## Assigned task
Output only the lines below that start at the line containing "This unique Suede" and end at the line containing "de Charlevoix滑雪场。穹顶是由domes Charlevoix开发的可持续旅游度假区的第一阶段。", with both ends kept.

## Exercise input

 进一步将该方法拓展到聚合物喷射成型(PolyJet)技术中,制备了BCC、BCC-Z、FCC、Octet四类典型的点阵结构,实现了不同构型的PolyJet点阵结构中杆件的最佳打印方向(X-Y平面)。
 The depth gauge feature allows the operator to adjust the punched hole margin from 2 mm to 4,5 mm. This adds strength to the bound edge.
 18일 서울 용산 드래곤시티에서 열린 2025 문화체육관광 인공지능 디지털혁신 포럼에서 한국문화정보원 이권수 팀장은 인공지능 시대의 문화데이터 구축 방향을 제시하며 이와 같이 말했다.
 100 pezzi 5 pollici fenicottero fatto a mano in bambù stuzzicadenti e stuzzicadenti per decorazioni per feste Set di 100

---

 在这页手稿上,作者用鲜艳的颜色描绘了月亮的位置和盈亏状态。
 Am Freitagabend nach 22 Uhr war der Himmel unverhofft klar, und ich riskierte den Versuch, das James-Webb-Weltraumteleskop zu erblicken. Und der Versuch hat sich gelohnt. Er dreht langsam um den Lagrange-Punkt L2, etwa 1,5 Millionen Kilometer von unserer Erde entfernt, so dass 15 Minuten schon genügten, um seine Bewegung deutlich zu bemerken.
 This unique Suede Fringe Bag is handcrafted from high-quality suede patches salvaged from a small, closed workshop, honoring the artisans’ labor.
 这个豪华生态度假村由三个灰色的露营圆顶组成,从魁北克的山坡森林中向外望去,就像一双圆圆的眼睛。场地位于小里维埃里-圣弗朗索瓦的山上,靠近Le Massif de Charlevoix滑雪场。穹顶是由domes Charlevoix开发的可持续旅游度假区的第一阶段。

## Exercise answer
 This unique Suede Fringe Bag is handcrafted from high-quality suede patches salvaged from a small, closed workshop, honoring the artisans’ labor.
 这个豪华生态度假村由三个灰色的露营圆顶组成,从魁北克的山坡森林中向外望去,就像一双圆圆的眼睛。场地位于小里维埃里-圣弗朗索瓦的山上,靠近Le Massif de Charlevoix滑雪场。穹顶是由domes Charlevoix开发的可持续旅游度假区的第一阶段。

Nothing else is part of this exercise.